What to produce
Within the entries below, please retype exactly the lines starting with the line that has "A set of four" and going on through the line that has "Stilsko otroško vozilo", but not the pictures.

Provided entries
= Beginning of Section =

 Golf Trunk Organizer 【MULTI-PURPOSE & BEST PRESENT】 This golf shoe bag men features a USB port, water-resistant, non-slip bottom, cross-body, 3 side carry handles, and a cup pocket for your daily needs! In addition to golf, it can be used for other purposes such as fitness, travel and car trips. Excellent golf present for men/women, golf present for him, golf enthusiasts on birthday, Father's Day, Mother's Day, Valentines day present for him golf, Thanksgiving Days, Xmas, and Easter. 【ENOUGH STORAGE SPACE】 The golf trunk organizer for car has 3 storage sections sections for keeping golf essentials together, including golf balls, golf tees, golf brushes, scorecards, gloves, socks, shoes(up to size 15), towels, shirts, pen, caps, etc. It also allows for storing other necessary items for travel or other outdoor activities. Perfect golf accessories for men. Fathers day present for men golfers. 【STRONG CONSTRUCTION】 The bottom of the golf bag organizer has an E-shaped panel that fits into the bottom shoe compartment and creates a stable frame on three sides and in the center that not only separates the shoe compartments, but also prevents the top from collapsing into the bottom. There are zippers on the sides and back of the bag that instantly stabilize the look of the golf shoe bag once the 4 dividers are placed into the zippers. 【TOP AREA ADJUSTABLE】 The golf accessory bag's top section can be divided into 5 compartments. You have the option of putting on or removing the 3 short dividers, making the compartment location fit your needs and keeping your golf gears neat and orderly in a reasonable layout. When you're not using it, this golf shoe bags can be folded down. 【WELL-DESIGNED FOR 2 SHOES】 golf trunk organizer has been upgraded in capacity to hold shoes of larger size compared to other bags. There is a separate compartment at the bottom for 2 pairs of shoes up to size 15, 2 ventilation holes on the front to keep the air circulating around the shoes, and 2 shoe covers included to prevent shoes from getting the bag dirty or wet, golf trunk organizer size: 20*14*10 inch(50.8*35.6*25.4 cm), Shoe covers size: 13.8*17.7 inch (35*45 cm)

= End of Section =
= Beginning of Section =

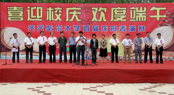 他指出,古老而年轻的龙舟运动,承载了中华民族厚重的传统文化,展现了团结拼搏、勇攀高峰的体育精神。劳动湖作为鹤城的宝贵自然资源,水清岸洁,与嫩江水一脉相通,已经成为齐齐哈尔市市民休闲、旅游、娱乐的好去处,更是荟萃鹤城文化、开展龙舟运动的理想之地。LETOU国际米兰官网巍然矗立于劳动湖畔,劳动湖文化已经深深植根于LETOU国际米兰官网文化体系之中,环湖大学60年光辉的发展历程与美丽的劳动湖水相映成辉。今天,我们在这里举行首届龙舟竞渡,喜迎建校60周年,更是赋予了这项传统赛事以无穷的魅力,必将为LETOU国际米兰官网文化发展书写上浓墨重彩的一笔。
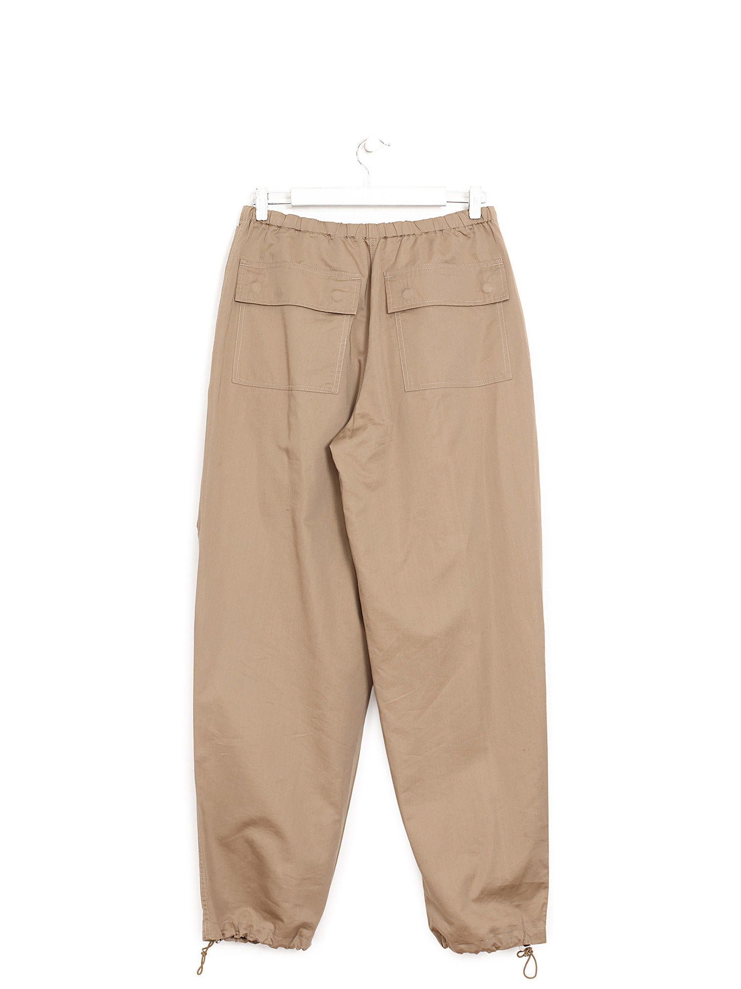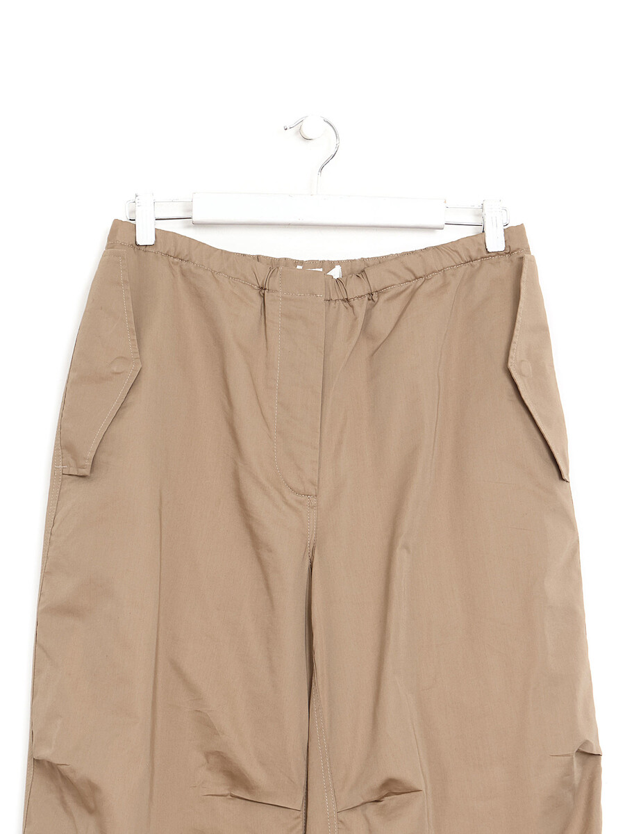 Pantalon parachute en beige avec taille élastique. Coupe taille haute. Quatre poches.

= End of Section =
= Beginning of Section =

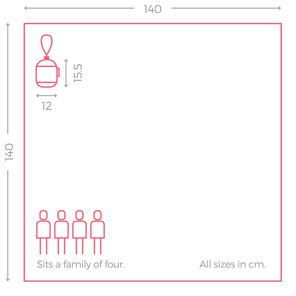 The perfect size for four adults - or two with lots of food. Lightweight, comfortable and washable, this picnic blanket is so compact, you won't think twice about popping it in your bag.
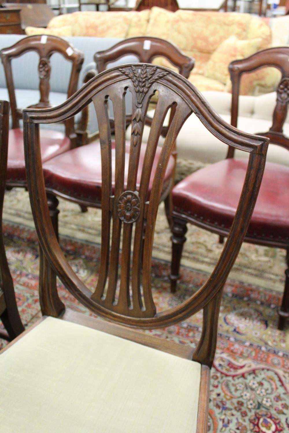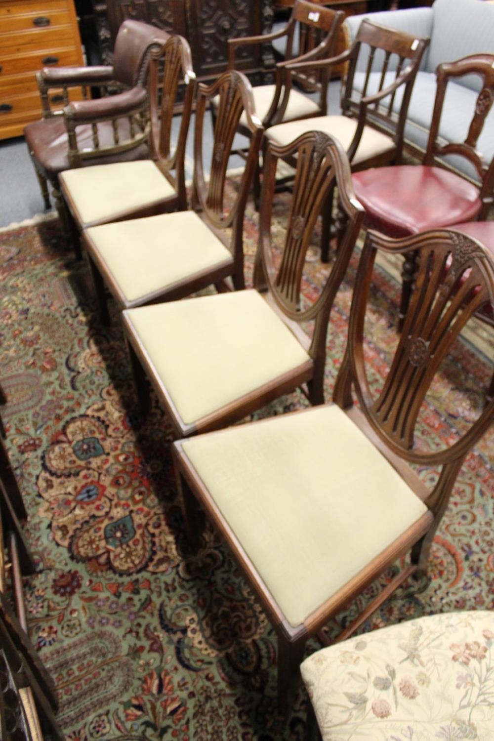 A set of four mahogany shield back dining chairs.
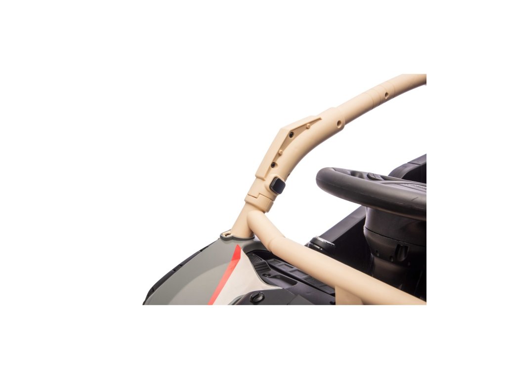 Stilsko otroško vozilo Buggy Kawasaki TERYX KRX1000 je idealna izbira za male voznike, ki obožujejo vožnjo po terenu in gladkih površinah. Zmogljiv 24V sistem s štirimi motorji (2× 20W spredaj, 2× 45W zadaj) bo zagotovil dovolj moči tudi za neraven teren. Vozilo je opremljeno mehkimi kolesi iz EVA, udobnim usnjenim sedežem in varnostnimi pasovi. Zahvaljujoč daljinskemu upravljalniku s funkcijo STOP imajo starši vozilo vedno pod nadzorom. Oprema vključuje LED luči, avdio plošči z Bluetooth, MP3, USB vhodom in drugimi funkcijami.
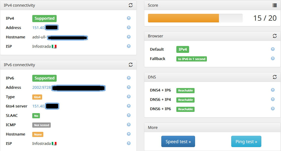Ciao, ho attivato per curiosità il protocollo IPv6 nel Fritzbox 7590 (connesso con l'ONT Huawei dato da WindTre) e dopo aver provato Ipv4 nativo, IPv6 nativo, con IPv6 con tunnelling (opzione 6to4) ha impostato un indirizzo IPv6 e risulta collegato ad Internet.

= End of Section =

Answer space
 A set of four mahogany shield back dining chairs.
 Stilsko otroško vozilo Buggy Kawasaki TERYX KRX1000 je idealna izbira za male voznike, ki obožujejo vožnjo po terenu in gladkih površinah. Zmogljiv 24V sistem s štirimi motorji (2× 20W spredaj, 2× 45W zadaj) bo zagotovil dovolj moči tudi za neraven teren. Vozilo je opremljeno mehkimi kolesi iz EVA, udobnim usnjenim sedežem in varnostnimi pasovi. Zahvaljujoč daljinskemu upravljalniku s funkcijo STOP imajo starši vozilo vedno pod nadzorom. Oprema vključuje LED luči, avdio plošči z Bluetooth, MP3, USB vhodom in drugimi funkcijami.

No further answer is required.